Binomial coefficients and $p$-adic limits I was reading Schoof's Catalan's Conjecture, and on page 37, while proving Cassels' Theorem it is mentioned that by Exercise 5.7, the denominators of the binomial coefficients $\binom{\frac{p}{q}}{k}$ for $0 \leq k \leq \lfloor \frac{p}{q} \rfloor + 1$, where $p$ and $q$ are odd prime numbers, are powers of $q$.
I found a proof by Keith Conrad, but it uses $p$-adic limits, so I decided to read through Gouvea's $p$-adic Numbers: An Introduction.
I still don't know what is going on, any insight please?
 A: The proof you cited does not really use $p$-adic numbers but just the $p$-adic topology on $\mathbf Q$ and continuity of polynomial functions in the $p$-adic topology.
Suppose $F$ is a field and $|\cdot|$ is an absolute value on $F$. Let $f \colon F \to F$ be a continuous function and $S \subset F$ be a subset such that $|f(s)| \leq 1$ for all $s \in S$. If $x \in F$ is a limit of points in $A$, say $x = \lim_{n \to \infty} s_n$.  By continuity, $f(x) = \lim_{n \to \infty} f(s_n)$.  The absolute value on $F$ is continuous, so $|f(x)| = \lim_{n \to \infty} |f(s_n)|$. Since $|f(s_n)| \leq 1$ for all $n$, we get $|f(x)| \leq 1$.
Now apply this to $F = \mathbf Q$, $|\cdot| = |\cdot|_p$ ($p$-adic absolute value), and $f(x) = \binom{x}{k}$, and $S = \mathbf Z$.  Polynomials are continuous functions since addition and multiplication are continuous.  A rational number whose denominator is not divisible by $p$ is a $p$-adic limit of integers: if $a/b$ is a fraction where $p \nmid b$, then for each positive integer $n$ we can solve $bs_n \equiv a \bmod p^n$ for some integer $s_n$, which means $|bs_n - a|_p \leq 1/p^n$, so $|s_n - a/b|_p = |(bs_n-a)|_p/|b|_p = |bs_n-a|_p \leq 1/p^n$.  Thus $s_n \to a/b$ as $n \to \infty$.
Therefore $|\binom{a/b}{k}|_p \leq 1$ since $|\binom{s_n}{k}|_k \leq 1$ for all $n$. That shows the fraction $\binom{a/b}{k}$ has no $p$ in its denominator when $p \nmid b$.
A: This was really a bit too long to put into a comment to KCd's answer, but I thought it might help to see a specific concrete example of such a limit.
We already know that $\binom{m}{n}$ is an integer when $m$ is an integer, so we could write down a specific limit of integers that approaches $\frac{a}{b}$ in the p-adic topology when $b$ and $p$ are relatively prime, because
$$p^{\varphi(b)k}(b-a) + a \equiv 0 \mod b$$
$$1*(b-a) + a \equiv 0 \mod b$$
$$b \equiv 0 \mod b$$
This means $\frac{p^{\varphi(b)k}(b-a) + a}{b}$ is an integer.
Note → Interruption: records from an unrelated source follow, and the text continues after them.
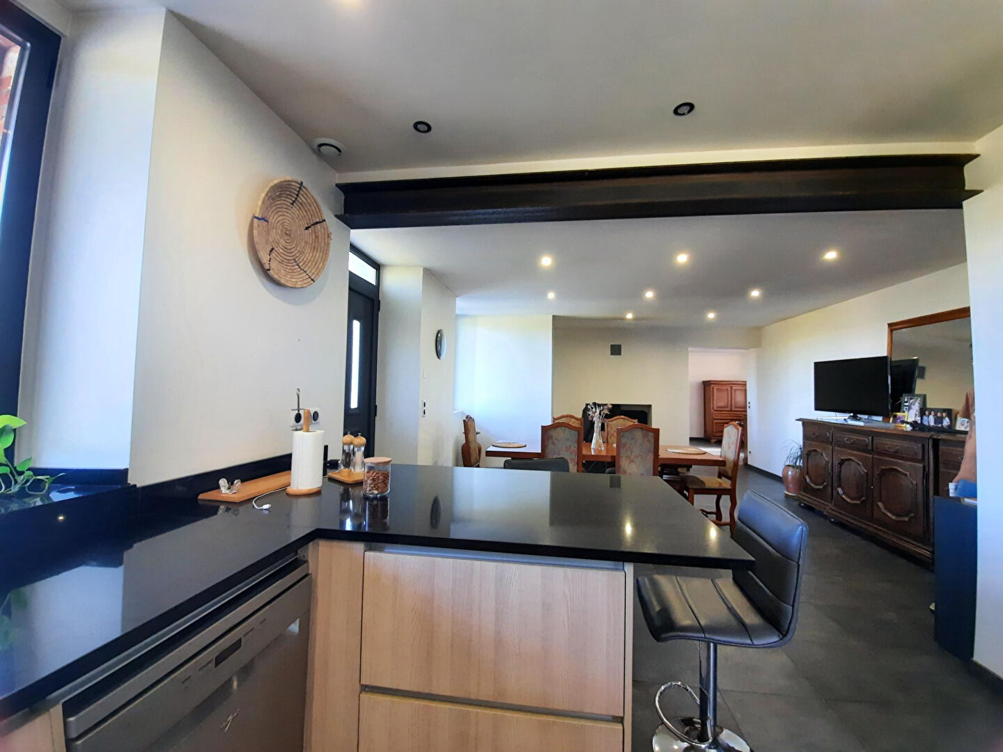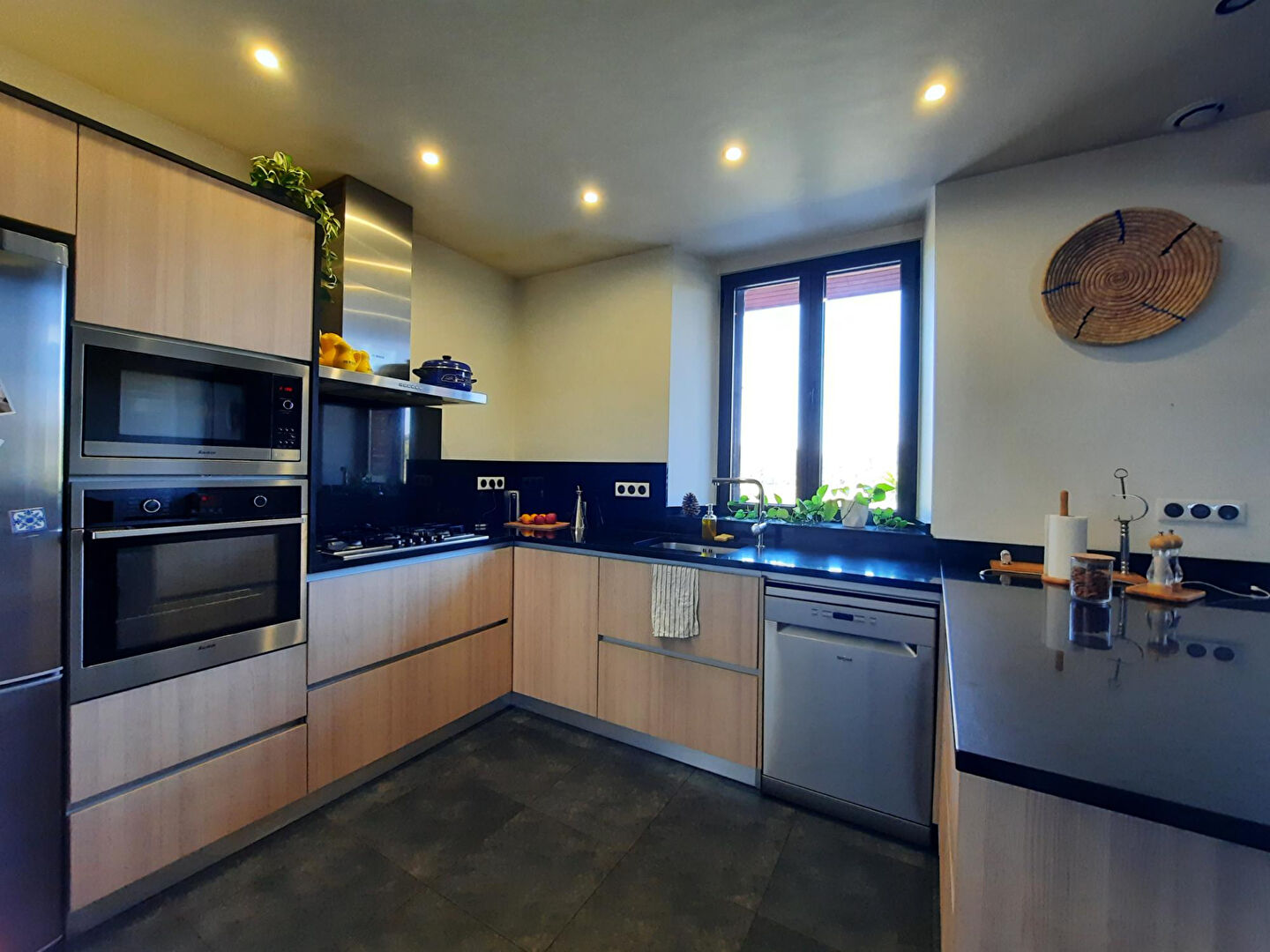 Maison avec de très beaux volumes, Le rez de chaussée s'organise autour d'une belle pièce de vie de 87 m² avec cuisine moderne équipée, ouverte sur salle à manger, salon, donnant sur terrasse couverte pour vous permettre de profiter au maximum de l'extérieur; parfait pour les moments de détente. Double vitrage Alu avec persiennes et menuiseries neuves.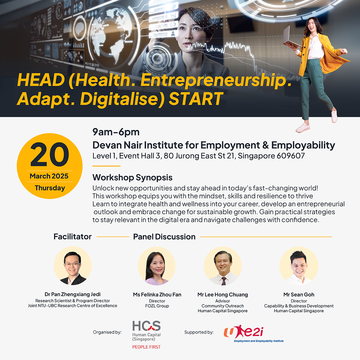 Unlock new opportunities and stay ahead in today’s fast-changing world! This workshop equips you with the mindset, skills and resilience to thrive. Learn to integrate health and wellness into your career, develop an entrepreneurial outlook and embrace change for sustainable growth. Gain practical strategies to stay relevant in the digital era and navigate challenges with confidence.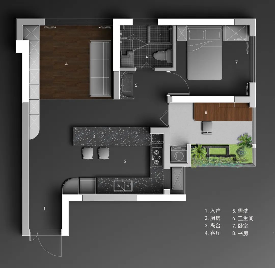 56㎡一居室,高级黑才有这么酷酷的高级感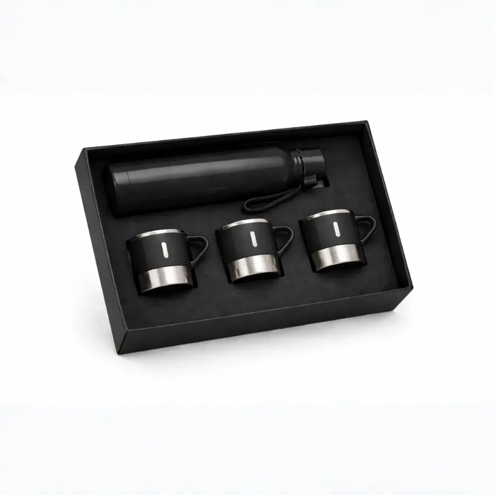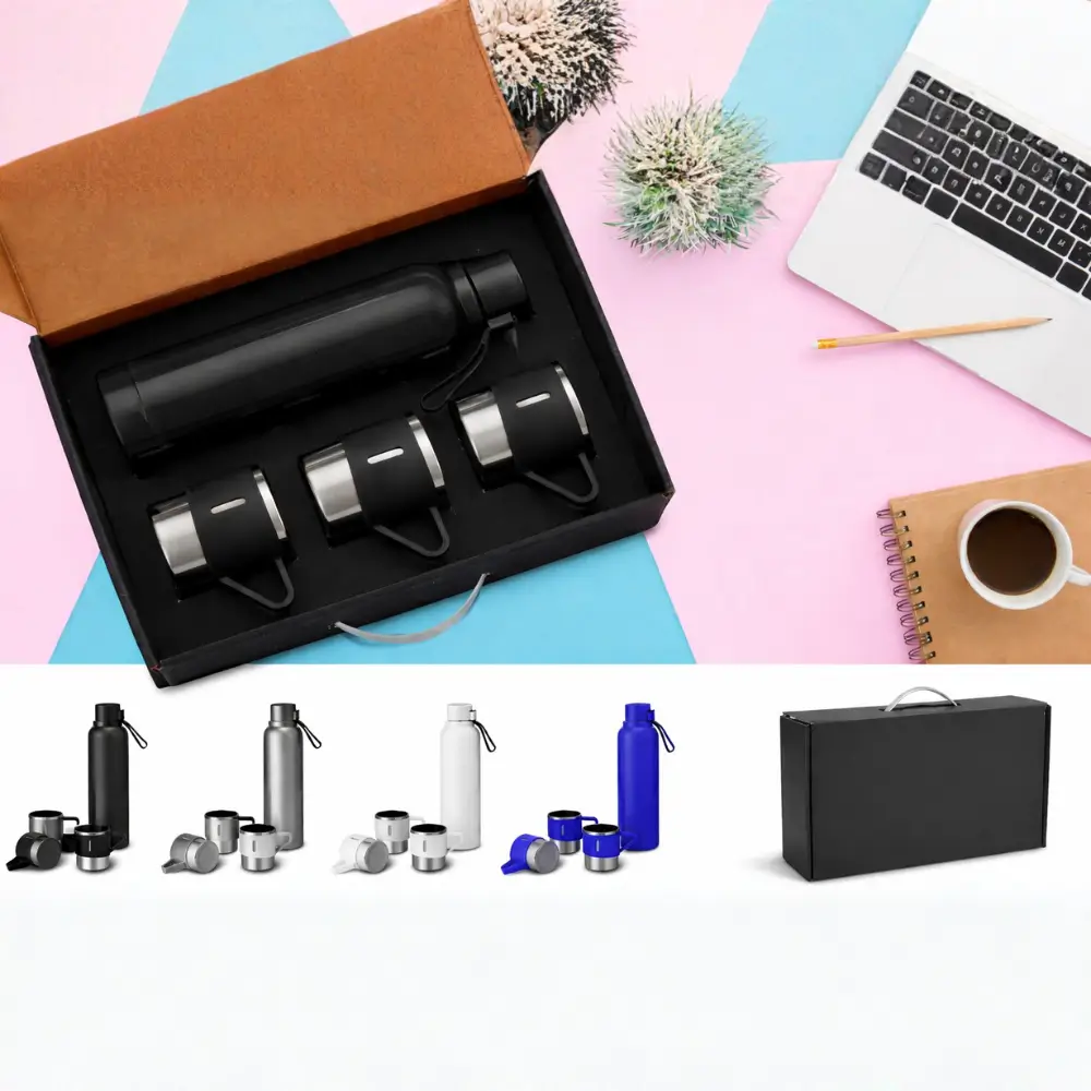 Stainless steel bottle Black insulated water bottle with three matching black cups on a white background Stainless Steel Bottle 4-Piece...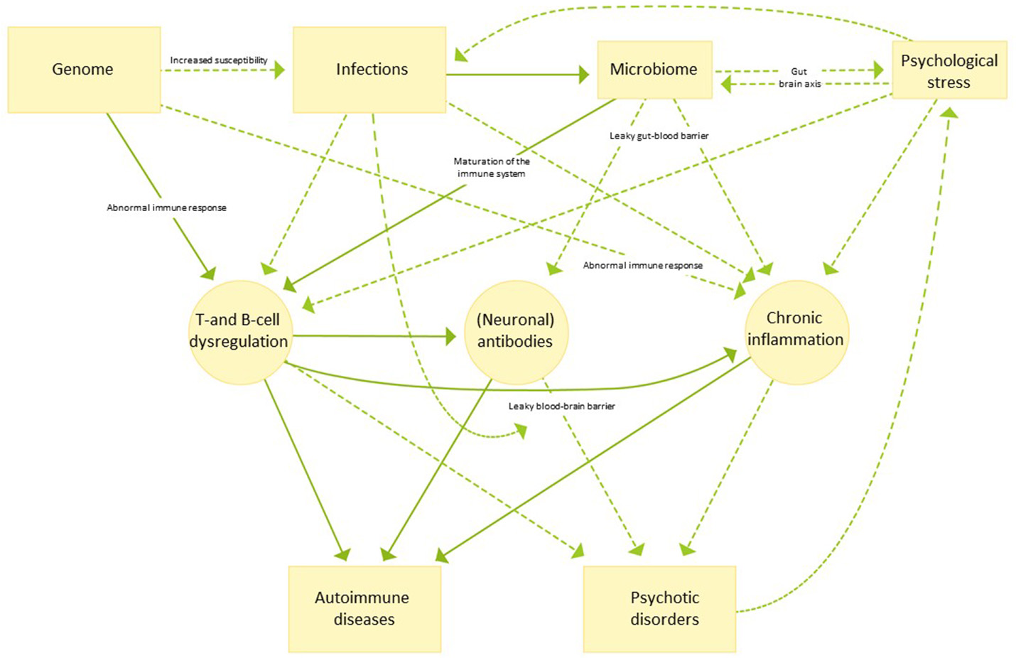Figure 1. An illustrative overview of possible etiological mechanisms linking autoimmune disease and psychotic disorders. Continuous arrows indicate pathways for which evidence is strong, while dotted arrows indicate pathways which are currently not well understood or more speculative in nature.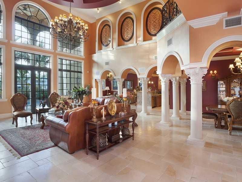 Venetian Palazzo Masterpiece Shows Like New. Two Story Entry is a Crowned by a Spectacular Dome & Dual Marble & Iron Staircases. Master Bath Includes Two Water Closets, Bidet, Two Seat Jacuzzi, Steam Shower. Arched Windows, Columns, & Interior Archways. G reat Room with Two Story Fireplace & Art Niches. Generous Ground Level Guest Suite. Elevator. Beautiful Marble & Wood Floors. Kitchen offers all Wolf Stainless Appliances. Summer Kitchen with Wet Bar. Venetian Plaster. Impact Glass. Furnishings Included.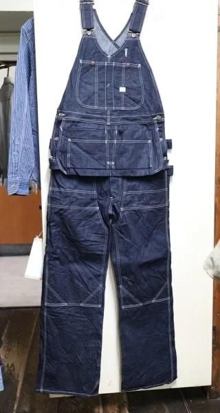 ベースには40年代のリー社のオーバーオールをベースにして、上部についているビブポケットにはスナップボタンにペン差しポケットにクッシュマンネームプレートが付けられ、特徴のあるエプロンポケットとさらにはその下にもポケットが配され、その他ツールポケットに3か所のハンマーループが付いたダブルニー仕様の50‘snのワークオーバーオールになります。ワンウォッシュ済です。

Then we know that because $p^{\varphi(b)k} \to 0$ as $k \to \infty$ this means we have our sequence of integers approaching $\frac{a}{b}$,
$$\frac{p^{\varphi(b)k}(b-a) + a}{b} \to \frac{a}{b}$$.
This means our limit of integers is
$$\binom{\frac{a}{b}}{n} = \lim_{k \to \infty} \binom{\frac{p^{\varphi(b)k}(b-a) + a}{b}}{n}$$
And we have that
$$\left|\binom{\frac{a}{b}}{n}\right|_p = \lim_{k \to \infty} \left|\binom{\frac{p^{\varphi(b)k}(b-a) + a}{b}}{n}\right|_p \le 1$$